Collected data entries
============
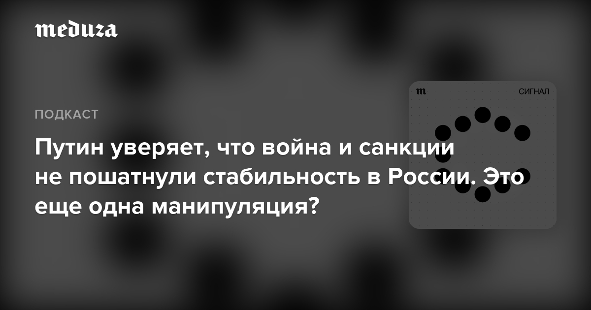 Свежий эпизод подкаста «Сигнал» — о том, что отличает стабильную страну от нестабильной и зачем российские власти убеждают россиян, что без Путина в стране наступит коллапс и раздрай.
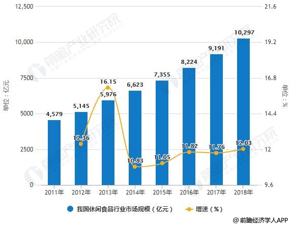 2011-2018年我国休闲食品行业市场规模统计及增长情况
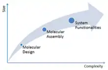 El diseño molecular ha sido un elemento importante de muchas disciplinas académicas, incluidas la bioingeniería, la ingeniería química, la ingeniería eléctrica, la ciencia de los materiales, la ingeniería mecánica y la química. Sin embargo, uno de los desafíos actuales es reunir la masa crítica de mano de obra entre las disciplinas para abarcar el campo desde la teoría del diseño hasta la producción de materiales, y desde el diseño del dispositivo hasta el desarrollo del producto. Por lo tanto, si bien el concepto de ingeniería racional de la tecnología de abajo hacia arriba no es nuevo, aún está lejos de ser ampliamente traducido en esfuerzos de I&D.
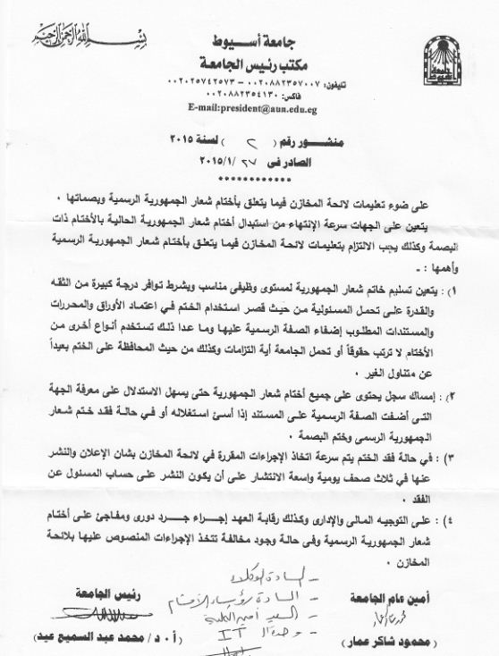 منشور رقم 2 الخاص بلائحة المخازن ( استبدال أختام شعار الجمهورية ) 8 فبراير 2015 منشور رقم 2 الخاص بلائحة المخازن ( استبدال أختام شعار الجمهورية )
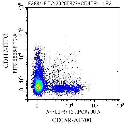 • Staining of C57B/6 mouse bone marrow cells with FITC anti-mouse CD117/c-Kit Antibody (Clone: ACK2) (Product Code: H4381) and anti-mouse CD45R-AF700. Analysis data derived from total live cells.
============
# [WHAT IS BEING ASKED]
Your copy should hold exactly the lines from the line bearing "El diseño molecular" through the end of the data, both included, and no pictures or anything further.

# [WRITTEN SOLUTION]
 El diseño molecular ha sido un elemento importante de muchas disciplinas académicas, incluidas la bioingeniería, la ingeniería química, la ingeniería eléctrica, la ciencia de los materiales, la ingeniería mecánica y la química. Sin embargo, uno de los desafíos actuales es reunir la masa crítica de mano de obra entre las disciplinas para abarcar el campo desde la teoría del diseño hasta la producción de materiales, y desde el diseño del dispositivo hasta el desarrollo del producto. Por lo tanto, si bien el concepto de ingeniería racional de la tecnología de abajo hacia arriba no es nuevo, aún está lejos de ser ampliamente traducido en esfuerzos de I&D.
 منشور رقم 2 الخاص بلائحة المخازن ( استبدال أختام شعار الجمهورية ) 8 فبراير 2015 منشور رقم 2 الخاص بلائحة المخازن ( استبدال أختام شعار الجمهورية )
 • Staining of C57B/6 mouse bone marrow cells with FITC anti-mouse CD117/c-Kit Antibody (Clone: ACK2) (Product Code: H4381) and anti-mouse CD45R-AF700. Analysis data derived from total live cells.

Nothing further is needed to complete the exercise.